Subject to Section 5 below, if the Participant’s employment with the Company or the surviving entity terminates following a Change in Control and prior to the date on which the Award becomes fully vested, other than (I) by reason of
the Participant’s death, Disability or Retirement, (II) by the Company for Cause, or (III) by the Participant without Good Reason, the Participant shall become vested in the portion of the Award that has not previously become vested on the date
of the Participant’s termination of employment with the Company. The Committee shall determine whether a Change in Control has occurred, and such determination shall be conclusive and binding upon the Company and the Participant. For purposes
of this Section 2(d), the Participant’s employment shall be deemed to have been terminated following a Change in Control by the Company without Cause or by the Participant with Good Reason, if (1) the Participant’s employment is
terminated by the Company without Cause prior to a Change in Control (whether or not a Change in Control ever occurs) and such termination was at the request or direction of a Person who has entered into an agreement with

  
 2 

 
the Company the consummation of which would constitute a Change in Control (an “Acquiring Person”), (2) the Participant terminates his employment for Good Reason prior to a
Change in Control (whether or not a Change in Control ever occurs) and the circumstance or event which constitutes Good Reason occurs at the request or direction of an Acquiring Person, or (3) the Participant’s employment is terminated by
the Company without Cause or by the Participant for Good Reason and such termination or the circumstance or event which constitutes Good Reason is otherwise in connection with or in anticipation of a Change in Control (whether or not a Change in
Control ever occurs). For purposes of any determination regarding the applicability of the immediately preceding sentence, any position taken by the Participant shall be presumed to be correct unless the Company establishes to the Board by clear and
convincing evidence that such position is not correct. 
 (e) Other Termination of Employment.
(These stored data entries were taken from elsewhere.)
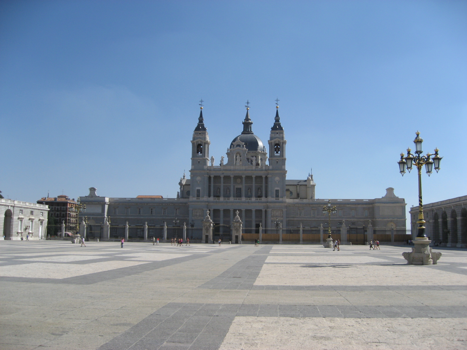 Cathedral of Almudena in Madrid.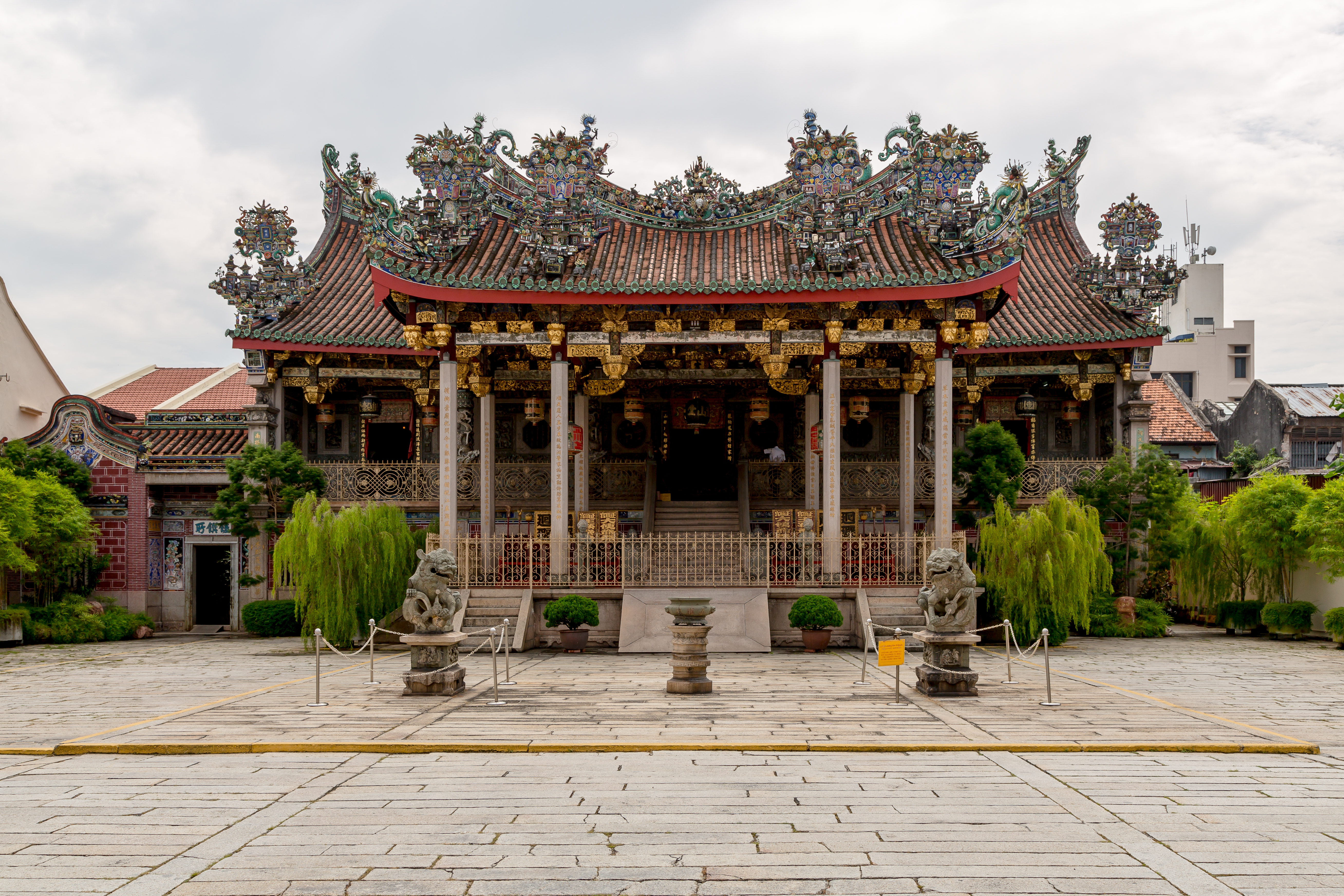 Penang, Malaysia: Leong San Tong Khoo Kongsi Clanhouse.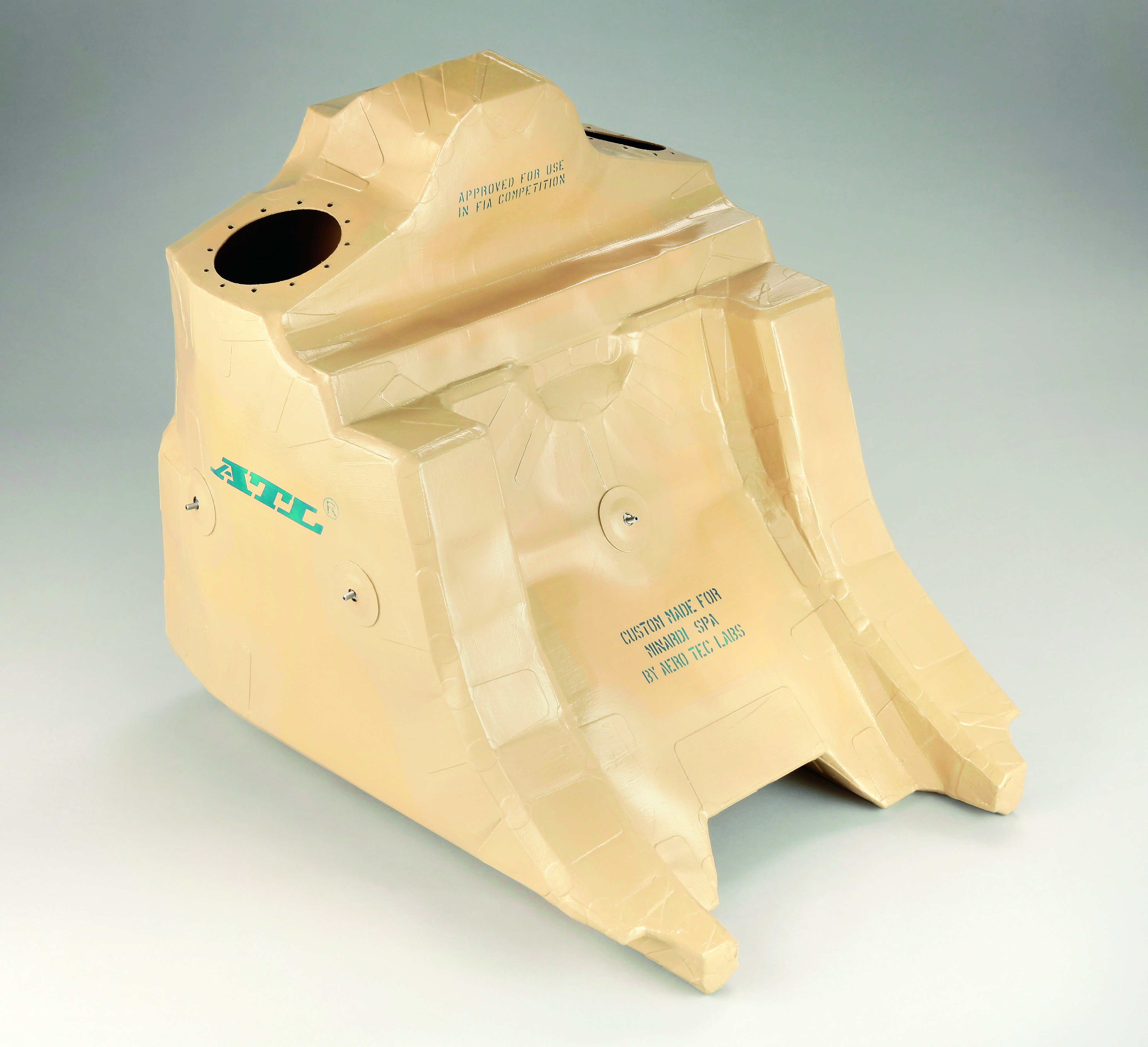 Typical Formula One "crash-worthy" FIA FT5-1999 fuel bladder produced by ATL (Aero Tec Laboratories) ([1]).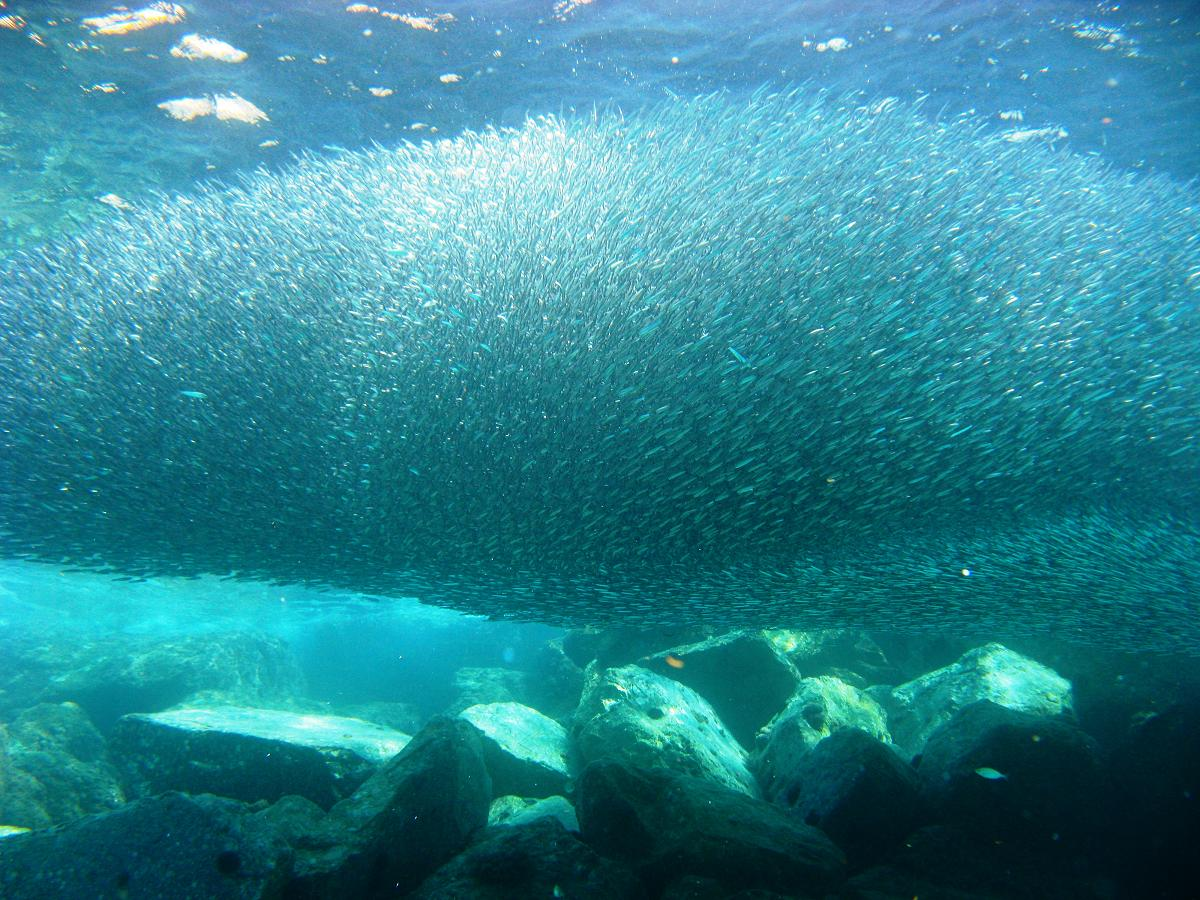 Large Engraulis encrasicolus school photographed in Ligura, Italy

Subject to
Section 5 below, if the Participant’s employment terminates for any reason other than as specified in subsections (b), (c) or (d) above, the Participant shall forfeit automatically the portion of the Award that is not vested on
the date of the Participant’s termination of employment. 
 (f) Definition of Cause. For purposes of subsection
(d), “Cause” for termination by the Company of the Participant’s employment shall mean (1) the willful and continued failure by the Participant to substantially perform the Participant’s duties with the Company after a
written demand for substantial performance is delivered to the Participant by the Board, which demand specifically identifies the manner in which the Board believes that the Participant has not substantially performed the Participant’s duties,
and the Participant has not cured any such failure (which is capable of being cured) in all material respects within ten (10) days of receiving such written demand, or (2) the willful engaging by the Participant in conduct which is
demonstrably and materially injurious to the Company or its subsidiaries, monetarily or otherwise. For purposes of clauses (1) and (2) of this definition, (I) no act, or failure to act, on the Participant’s part shall be deemed
“willful” unless done, or omitted to be done, by the Participant not in good faith and without reasonable belief that the Participant’s act, or failure to act, was in the best interest of the Company, and (II) in the event of a
dispute concerning the application of this provision, no claim by the Company that Cause exists shall be given effect unless the Company establishes to the Board by clear and convincing evidence that Cause exists. 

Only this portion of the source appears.